To evaluate the performance of PRECOG, we created two benchmarking sets of 100 high- and 100 low-quality growth curves. Curves in the high-quality set are technically of good standard and capture a wide range of true biological properties, including individual and combined effects on each of the classical fitness components growth lag, rate and efficiency, as well as multimodal growth. Multimodal growth corresponds to multiple phases of elevated growth (Additional file 2: Figure S4 and data S1). Growth curves in the low-quality set represent a variety of amplitudes and frequencies of technical noise (Additional file 2: Figure S5 and data S2); roughly half of the curves in this benchmarking set are completely dominated by technical error and should be rejected. We believe that these two benchmarking sets could be generally valuable in microbial phenomics for performance tests of growth algorithms and software. The two benchmarking sets can be downloaded from .
Growth curves are quality filtered by PRECOG in a semi-automated procedure. The first step is the automatic calculation of quality indices based on four curve features. The second step is manual scrutiny of indicated problematic curves for possible exclusion. The four quality indices are QI1; “overall noisiness”, QI2; “local noisiness”, QI3; “number of spikes” and QI4; “curve collapses”. Thus, the four indices capture different types of technical problems encountered, and one should not expect all indices to flag for low quality of a particular problematic curve. Low-quality data series evading the four quality indices may result in extractions of incorrect fitness components. On the other hand, false flagging of high-quality data series results in an excessive workload on the operator, in terms of manual inspection.

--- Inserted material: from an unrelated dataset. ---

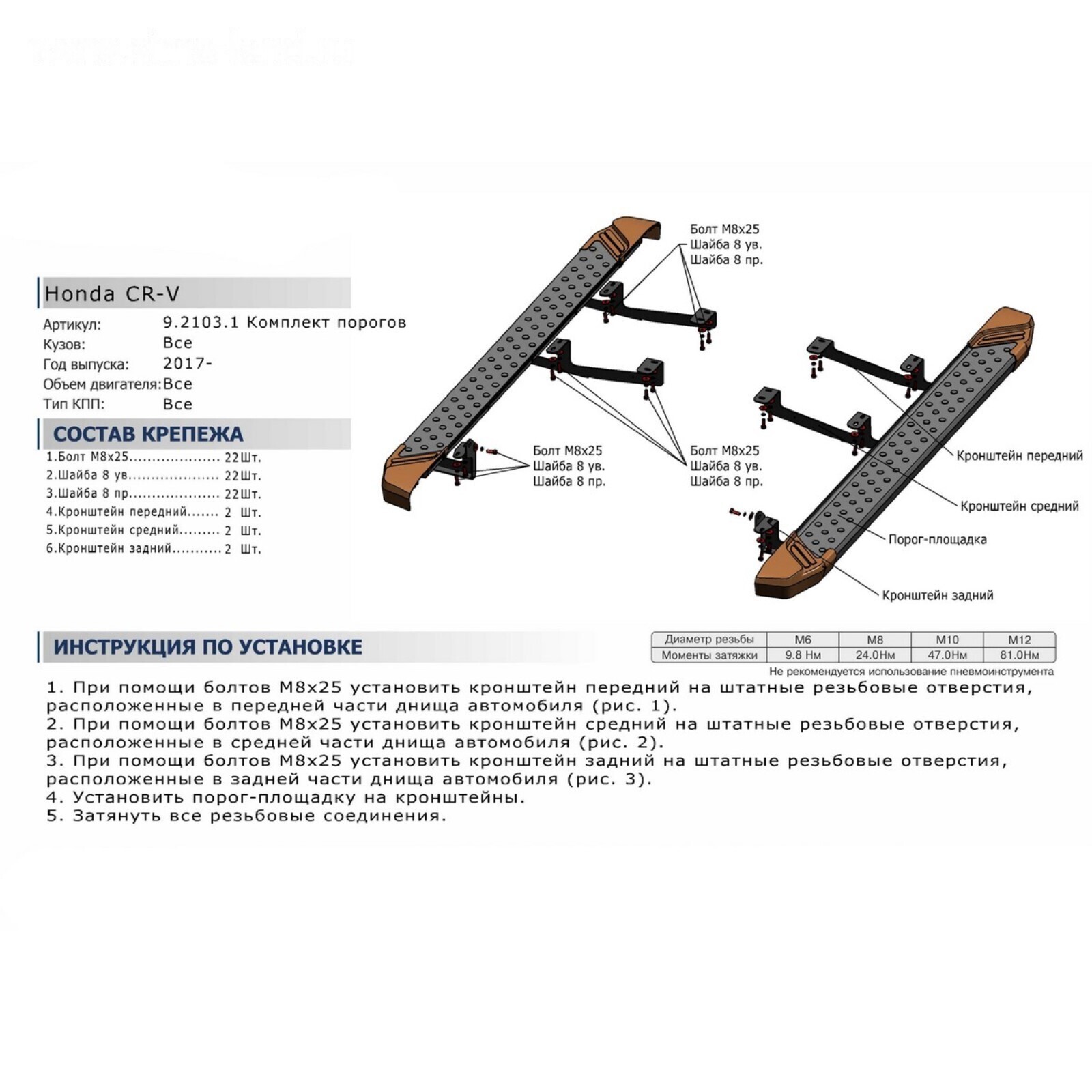 Порог-площадка "Black" RIVAL, Honda CR-V 2017-н.в., с крепежом, F173ALB.2103.1

To find the optimal breakpoint for what to flag and what not to flag, we evaluated six thresholds for each quality index: flagging the worst 0.5, 1, 2.5, 5, 10 and 15 % of data series on almost 90,000 growth curves, the aggregated 90 k set, generated over many years and by several different experimentalists in our lab (Fig. 3). Each threshold was then tested on the two benchmarking sets to evaluate false positives and false negatives. We found the numbers of false positives, in the high-quality set, and false negatives, in the low-quality set, to be lowest at the 5 % flagging level for each QI in the aggregated 90 k set (Fig. 3d). At this threshold the low-quality curves were easily distinguished by the quality indices; only one curve escaped all four quality-indices. None of the high-quality curves were flagged at the 5 % threshold. It was also clear that different quality indices captured different curve problems (Fig. 3c); only 39 % of the low quality curves were flagged by all four quality indices while roughly 11 % were captured by only one quality index. The flagged curves can be visually inspected in PRECOG in a semi-automated manner, allowing fast operator decisions on which flagged curves to accept and reject. Non-flagged curves are automatically accepted and included in the downstream analysis.

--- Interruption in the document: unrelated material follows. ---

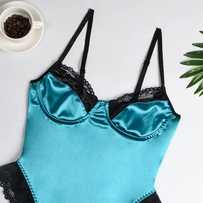 Pimentez vos nuits avec ce somptueux body en satin. Comment résister à cette belle couleur verte turquoise qui donnera de la vivacité à votre tenue et vous illuminera ? Votre corps sera mis à l’honneur, grâce à cette coupe moulante qui mettra parfaitement vos courbes en valeur. Quoi de mieux que cette dentelle noire pour ajouter une touche sensuelle ?

To remove or reduce noise and bias, PRECOG filters the raw optical densities in a three-step procedure. PRECOG’s data filtering is computationally inexpensive and therefore possible to employ on a very large scale, and addresses the vast majority of technical errors manifesting in data series. We tested PREGOG’s data filtering by comparing its performance to a multi-layered neural networks noise reduction filter. Neural networks have been used for many years as a reliable tool to solve noise reduction problems [53, 54]. A multi-layered neural network, iterated 500x to exclude outliers (remove noise), did not perform better than the three-step PRECOG data filtering process (Fig. 4). Fitness components, extracted following the data processing by the two methods, were nearly identical for high-quality curves (r2, lag=0.9938, rate=0.9976, efficiency=0.9997) and correlated well also for low-quality curves (r2, lag= 0.7868, rate= 0.7465, efficiency=0.991); if the really bad curves flagged for all four QI:s were excluded the correlations were even better (r2, lag = 0.9716, rate = 0.9762, efficiency = 0.9933). Visual inspection of low-quality data series where noticeably different outcomes were observed, failed to establish a pattern of consistent superior performance of any one filtering method. The computational inexpensiveness of PRECOG’s three-step data pre-processing therefore speaks emphatically in its favor.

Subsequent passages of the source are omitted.